Crédit photo : Pierre Léveillé

L’art de Steven Spazuk est unique. Ses œuvres sont créées par les traces de suie laissées par une flamme en guise de pinceau, qu’il modifie ensuite avec différents outils et méthodes. Des formes et images en noir et blanc, parfois de formes vaporeuses, parfois d’une précision surprenante. Son travail incarne ses convictions environnementales et humaines qu’il représente par des symboles. Son exposition Autres convictions et interprétations avec ses plus récentes œuvres a maintenant lieu à la galerie C.O.A. depuis dimanche, une exposition gratuite ouverte au public jusqu’au 7 février.

Le choix de ses sujets concorde avec la fragilité du médium utilisé. Steven Spazuk représente des oiseaux placés sur des bombes et des grenades, jouant avec la mèche ou la goupille, n’ayant pas conscience du risque. Il y a aussi un pingouin, un ours polaire, et un caribou avec un pigeon voyageur posé sur son bois près d’une bombe, l’air hagard. L’intérêt de l’artiste pour ces animaux est lié à son attachement pour la cause environnementale, puisqu’ils sont en voie d’extinction ou bien éteints, comme le pigeon voyageur.

Des portraits géants faits à partir de la suie impressionnent par leur détail et leur grandeur. On pense en particulier au portrait de sa femme Danielle, qui a combattu un cancer du sein. L’artiste a entre autres utilisé symboliquement les cheveux de sa femme tombés durant la chimiothérapie pour faire des pinceaux et créer l’effet des cheveux sur son œuvre.

J’ai rencontré Steven Spazuk, montréalais d’origine, lors du vernissage de l’exposition. J’ai ainsi pu comprendre le personnage et les raisons de sa célébrité récente. L’élément déclencheur de celle-ci fut un vidéo-portrait de lui par Patrick Peris publié en octobre 2014 le présentant dans son atelier alors qu’il utilisait sa technique du fumage. Cette vidéo a été vue par près de 800 000 personnes. Le vidéo viral combiné avec sa nouvelle série d’œuvres a suscité beaucoup d’intérêt et vinrent par la suite les multiples invitations à exposer dans le monde – et l’explosion de ses ventes.
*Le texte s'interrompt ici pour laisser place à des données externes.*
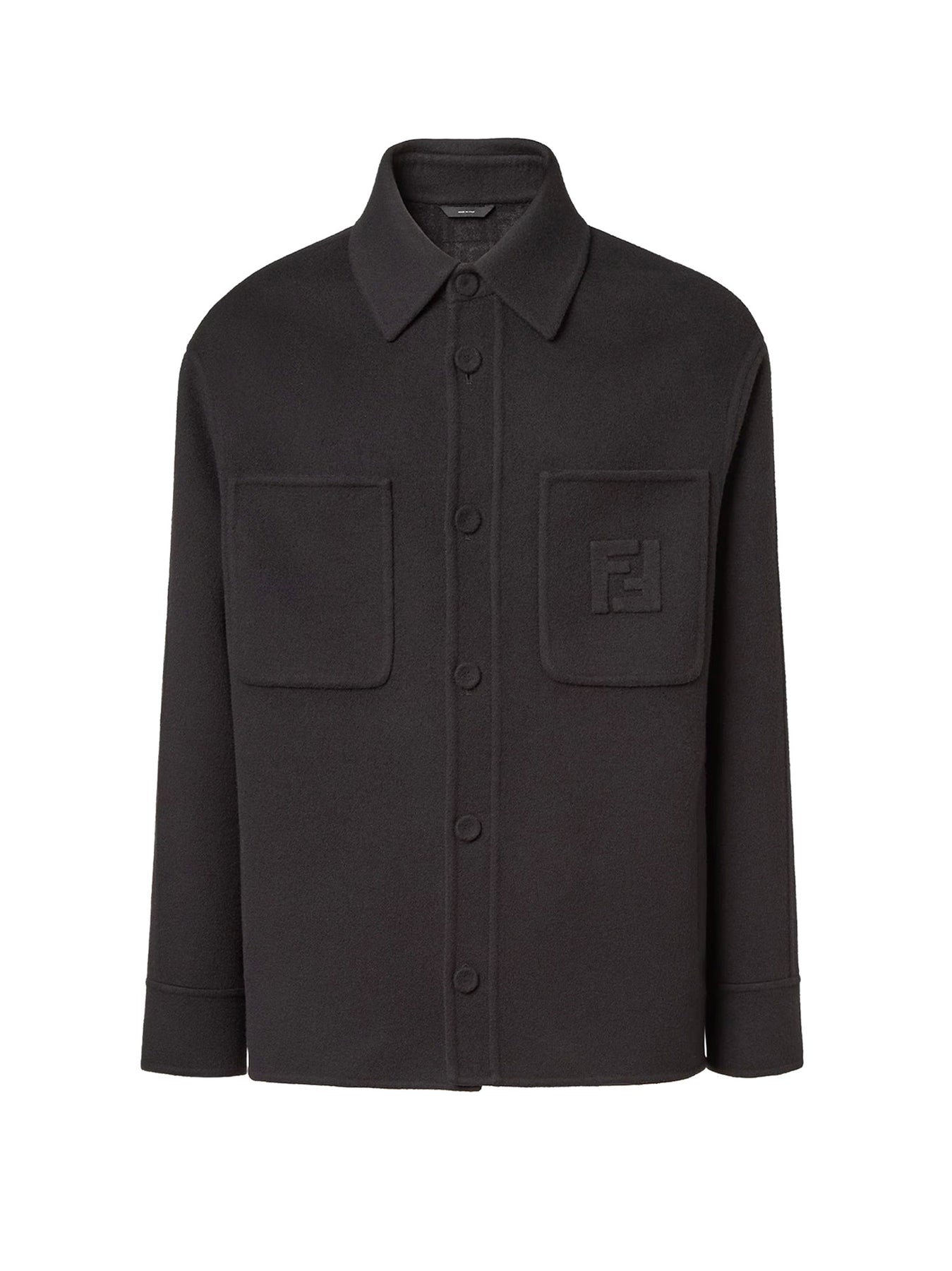 Covered button closure Double patch pocket Two vertical pockets FF motif lining Made in Italy 99% virgin wool, 1% silk SKU: FW1500AVIXF1FL8

Quand on demande à Spazuk quelle est son inspiration et la raison qui l’a poussé à utiliser cette technique pour faire ses œuvres, il répond que c’est apparu dans un rêve : il était dans une galerie, et a vu une œuvre sur un mur représentant un paysage en noir et blanc. Il produit depuis 14 ans des œuvres fabriquées avec la technique du fumage, mais c’est tout récemment que l’on commence à le connaître. Une récente notoriété qu’il gère bien et qu’il trouve excitante, et surtout qu’il considère comme une reconnaissance de son talent après des années de travail assidu.
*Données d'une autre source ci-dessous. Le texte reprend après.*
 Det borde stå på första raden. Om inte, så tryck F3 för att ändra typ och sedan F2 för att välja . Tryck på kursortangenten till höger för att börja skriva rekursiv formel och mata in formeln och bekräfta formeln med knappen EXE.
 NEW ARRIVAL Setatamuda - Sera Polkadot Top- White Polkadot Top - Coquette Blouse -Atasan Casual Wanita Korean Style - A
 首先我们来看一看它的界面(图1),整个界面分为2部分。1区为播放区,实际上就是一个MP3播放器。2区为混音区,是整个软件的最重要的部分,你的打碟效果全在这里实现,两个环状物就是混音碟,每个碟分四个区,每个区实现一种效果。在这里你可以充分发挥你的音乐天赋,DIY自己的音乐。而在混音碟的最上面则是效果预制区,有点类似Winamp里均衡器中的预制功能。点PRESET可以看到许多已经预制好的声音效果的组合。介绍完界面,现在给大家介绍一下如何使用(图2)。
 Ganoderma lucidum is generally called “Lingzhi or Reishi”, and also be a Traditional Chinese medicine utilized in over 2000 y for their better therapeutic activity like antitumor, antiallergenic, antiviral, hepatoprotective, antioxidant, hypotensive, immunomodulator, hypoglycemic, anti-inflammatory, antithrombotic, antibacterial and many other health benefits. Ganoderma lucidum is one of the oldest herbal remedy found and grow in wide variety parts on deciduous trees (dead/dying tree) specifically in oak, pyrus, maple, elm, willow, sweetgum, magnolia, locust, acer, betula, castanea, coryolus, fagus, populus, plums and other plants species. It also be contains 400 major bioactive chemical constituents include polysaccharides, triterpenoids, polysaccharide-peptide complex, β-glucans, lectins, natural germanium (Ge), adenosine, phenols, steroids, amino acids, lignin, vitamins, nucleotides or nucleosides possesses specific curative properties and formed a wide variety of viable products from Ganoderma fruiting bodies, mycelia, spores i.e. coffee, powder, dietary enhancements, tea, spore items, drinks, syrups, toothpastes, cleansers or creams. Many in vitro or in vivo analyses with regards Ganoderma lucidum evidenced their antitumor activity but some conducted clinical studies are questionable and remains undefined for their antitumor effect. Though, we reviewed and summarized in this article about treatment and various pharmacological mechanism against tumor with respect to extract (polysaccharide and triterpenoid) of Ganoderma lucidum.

En 2013, Steven Spazuk et sa femme Danielle Delhaes sont allés au Mexique pour le projet Révérence, une démarche artistique et communautaire de leur initiative menée en collaboration avec une centaine d’étudiants en arts plastiques mexicains. Le projet avait lieu dans une réserve naturelle et protégée de monarques, et utilisait les papillons vivants pour créer des traces sur différentes petites plaquettes de suie. Le résultat final? Une mosaïque géante représentant un monarque sur une fleur. Le projet fut d’ailleurs exposé à l’Insectarium de Montréal pour sensibiliser le public à la protection de l’environnement et la disparition progressive des monarques.

Quels sont les projets futurs de Spazuk? Avec sa femme Danielle, il aimerait faire un projet qui ressemble à celui de Reverence, mais cette fois-ci avec les ours polaires en Arctique. Il s’agirait de les observer dans leur habitat naturel, et de s’en inspirer pour en faire une œuvre. Un autre projet, celui-ci encore à la phase embryonnaire, serait d’effectuer une série de portraits de gens qui changent le monde.

En attendant ces surprises, on peut voir son exposition jusqu’au 7 février 2015 à la galerie C.O.A., au 6405 boulevard Saint-Laurent.